In cases of this nature we cannot formulate a better rule than the one set forth in Missouri Pacific Transportation Company v. Simon, 199 Ark. 289 (p. 300), 135 S. W. 2d 336, and repeated in Arkansas Amusement Corporation v. Ward, 204 Ark. 130 (p. 141), 161 S. W. 2d 178. It reads:

“A verdict will be set aside by an appellate court as excessive where there is no evidence on which the amount allowed could properly have been awarded; where the verdict must of necessity be for a smaller sum than that awarded; where the testimony most favorable to the successful party will not sustain the inference of fact on which the damages are estimated; where the amount awarded is so excessive as to lead to the conclusion that the verdict was the result of passion, prejudice ... or of some error or mistake of principle, or to warrant conclusion that the jury were not governed by the evidence.”

Measured by the above rule, we cannot say the. verdict of $5,200 is excessive.

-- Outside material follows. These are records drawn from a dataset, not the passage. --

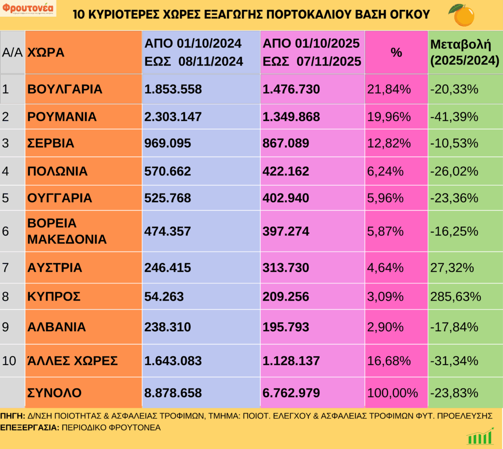 Πορτοκάλια: Καθοδικές οι εξαγωγές έως και 07.11.25 10/11/2025 SliderΠορεία προϊόντωνΕσπεριδοειδή FacebookTwitter Με καθοδική πορεία συνεχίστηκαν οι εξαγωγές πορτοκαλιών έως και 07.11.25, οι οποίες είναι μειωμένες κατά 23,83% σε σχέση με την αντίστοιχη περσινή περίοδο. Tags:ΕξαγωγεςΠΟΡΤΟΚΑΛΙΑ μερίδιο FacebookTwitter Διαβάστε επίσης GLOBALPACK- FOODTECH 2025: Πάνω από 15.600 επαγγελματίες ανακάλυψαν το μέλλον της παραγωγής και της συσκευασίας Μανταρίνια: Καθοδικές οι εξαγωγές έως και 14.11.25 Πορτοκάλια: Καθοδικές οι εξαγωγές έως και 14.11.25 Ακτινίδια: Μειωμένες οι εξαγωγές έως και 14.11.25 Ανάπτυξη του franchise της ΑΒ Βασιλόπουλος έως το 2028 Προηγούμενο άρθροΑκτινίδια: Μειωμένες οι εξαγωγές έως και 7.11.25Επόμενο άρθροΜανταρίνια: Καθοδικές οι εξαγωγές έως και 7.11.25 Σχετικά Άρθρα GLOBALPACK- FOODTECH 2025: Πάνω από 15.600 επαγγελματίες ανακάλυψαν το μέλλον της παραγωγής και της συσκευασίας Μανταρίνια: Καθοδικές οι εξαγωγές έως και 14.11.25 Πορτοκάλια: Καθοδικές οι εξαγωγές έως και 14.11.25 Ακτινίδια: Μειωμένες οι εξαγωγές έως και 14.11.25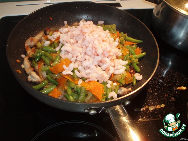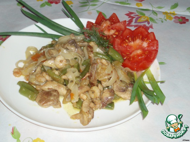 | Любителям рисовой лапши посвящается))) Hеобыкновенное сочетание рисовой лапши, мяса, креветок и овощей. |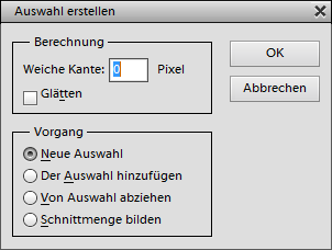 Der Auswahl erstellen Befehl produziert eine Auswahl mittels des aktuellen Pfades und erlaubt es auch, die aktuelle Auswahl mit dem Pfad zu kombinieren. Außerdem können Sie eine weiche Kante hinzufügen und die Auswahl glätten. Die Option Neue Auswahl ersetzt einfach die existierenden Auswahl durch die Auswahl, die mittels des Pfad erzeugt wird. Die Option Der Auswahl hinzufügen addiert den Pfad zur Auswahl. Die Option Von Auswahl abziehen verkleinert diese und die Option Schnittmenge bilden behält lediglich die Schnittmenge des Pfades und der Auswahl bei.

Rita Kellar testified, in substance: she was fifteen years old at the time of the accident; she was knocked unconscious and didn’t revive until she was being taken to the hospital where she remained three days; she was cut by glass from the broken windshield of the car in which she was riding; she received a long gash on the back of her head, also numerous cuts on her arm and *619face; she had plastic surgery, is .very nervous, and often has headaches. She was treated by Dr. Dunaway and Dr. Stuckey. She was corroborated by her mother who testified her daughter was very conscious of the sears on her arm and face, and will not wear sleeveless dresses.

Dr. Stuckey treated the scars on Rita’s face and arms with plastic surgery. He testified, in substance: There were three lacerations on her face and many lacerations (about 15) on her arm; the scars on her face were on the cheek and near one eye; there will always be visible scars on her face, and they will need revision later; the scars on the face run vertically which means they are harder to erase or conceal. There were" so many scars on the arm he did not attempt to count them; Rita is very self-conscious of the scars, she is nervous, has headaches, and is on edge all the time; she has been taking a bottle of aspirins a day for sometime.

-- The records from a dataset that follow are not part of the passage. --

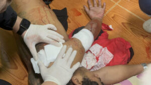 ด้าน นายแพทย์นนท์ ประพันธ์โรจน์ เจ้าของคลินิก เปิดเผยว่า ระหว่างปฏิบัติงาน มีชายบาดเจ็บวิ่งเข้ามาขอความช่วยเหลือ พร้อมแจ้งว่าถูกทำร้าย ตนเห็นมีเลือดไหลออกจากลำตัวหลายจุด แต่เนื่องจากคลินิกไม่มีอุปกรณ์สำหรับรักษาผู้บาดเจ็บสาหัส จึงแนะนำให้นำตัวส่งโรงพยาบาล ก่อนที่ผู้บาดเจ็บจะทรุดตัวลงนอนกับพื้นด้วยความเจ็บปวด และมีพลเมืองดีโทรแจ้งเจ้าหน้าที่กู้ภัยเข้าช่วยเหลือ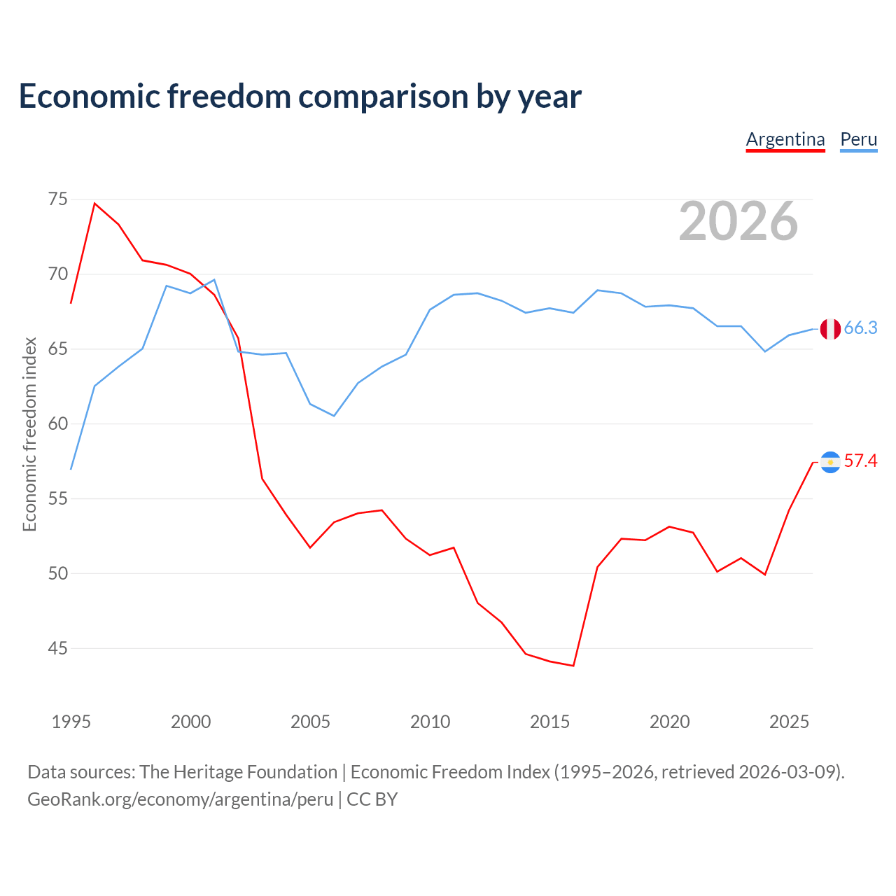 The Economic Freedom Index for Argentina is 57.4, ranking 117/197, compared to 66.3 for Peru, ranking 62/197. The chart above displays a comparison of annual changes in economic freedom indexes.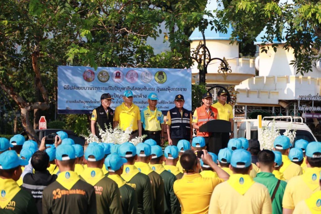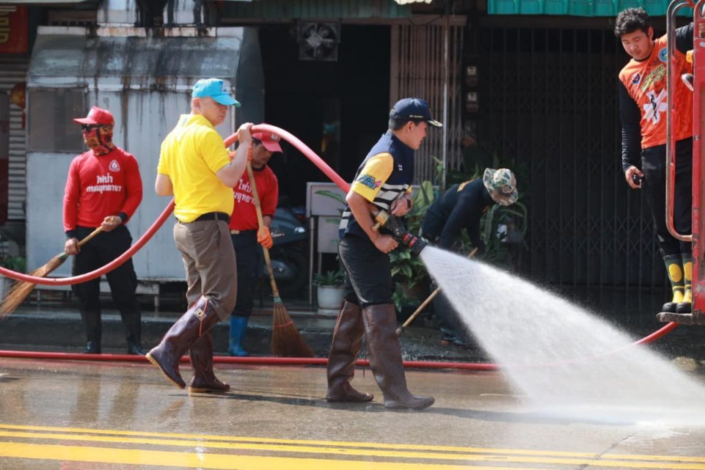 จำนวน 10 นาย ร่วม ประชุมแถว ก่อนออกปฏิบัติการล้างทำความสะอาดเมืองหลังน้ำท่วมณ ศาลาริมน้ำ อบจ.เชียงใหม่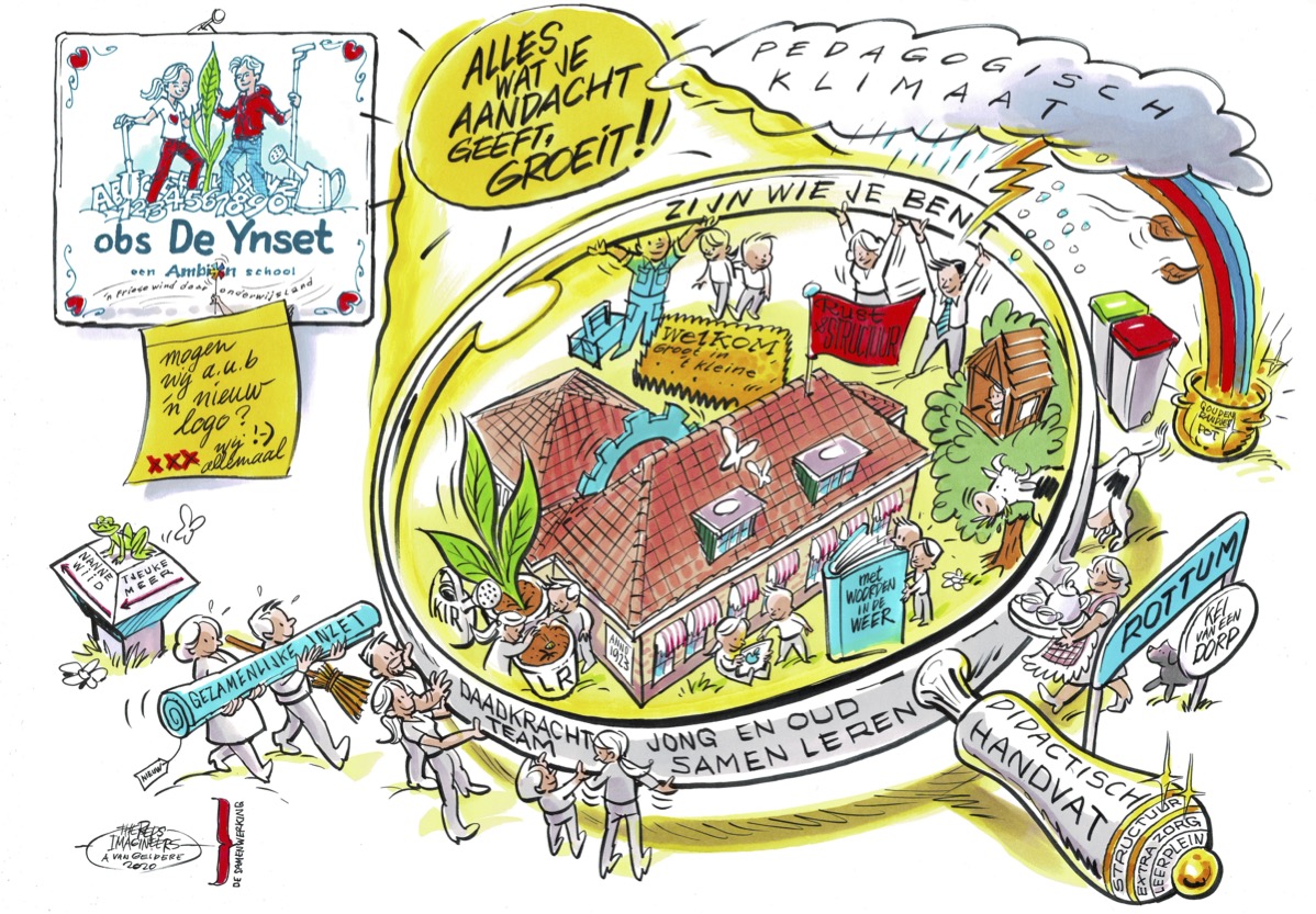 De Ynset is een gemoedelijke dorpsschool waar saamhorigheid aan de basis staat voor een prettig schoolklimaat. Samen creëren we een rustige, overzichtelijke en inspirerende leeromgeving waarin kinderen zich actief en gemotiveerd kunnen ontwikkelen. We leren ze respectvol te kijken naar en tolerant om te gaan met een ander en de wereld om ze zo voor te bereiden op hun huidige en toekomstige rol in de samenleving. Plezier is daarbij erg belangrijk, zowel voor de leerlingen als het team. We hechten daarom grote waarde aan een sterk pedagogisch klimaat waarin rust, regelmaat een duidelijke afspraken belangrijk zijn. We hebben hoge verwachtingen van onze leerlingen én van elkaar. We hebben de komende jaren een prachtig vooruitzicht: de nieuwbouw van onze school in het dorp. We grijpen daarbij de kans om onze visie op onderwijs te verscherpen en de kwaliteit van onderwijs te versterken. Onze nieuwe directeur is daarin de deskundige aanjager en weet ons te enthousiasmeren op een positieve manier. Samen de schouders eronder!

Again applying the rule previously set forth above we are unwilling to say the verdict of $25,000 is not supported by substantial evidence.

The decisions we have reached above are, of course, accompanied by some degree of doubt and uncertainty. We cannot know for a certainty that the pains, nervousness and embarrassment revealed by the testimony are real or fanciful, or whether they will shortly diminish or continue to increase as the years go by, but we do know the jurors were in a better position than we are to judge these matters.

Therefore, since the record contains substantial evidence to sustain the verdicts we are unwilling to say they are excessive.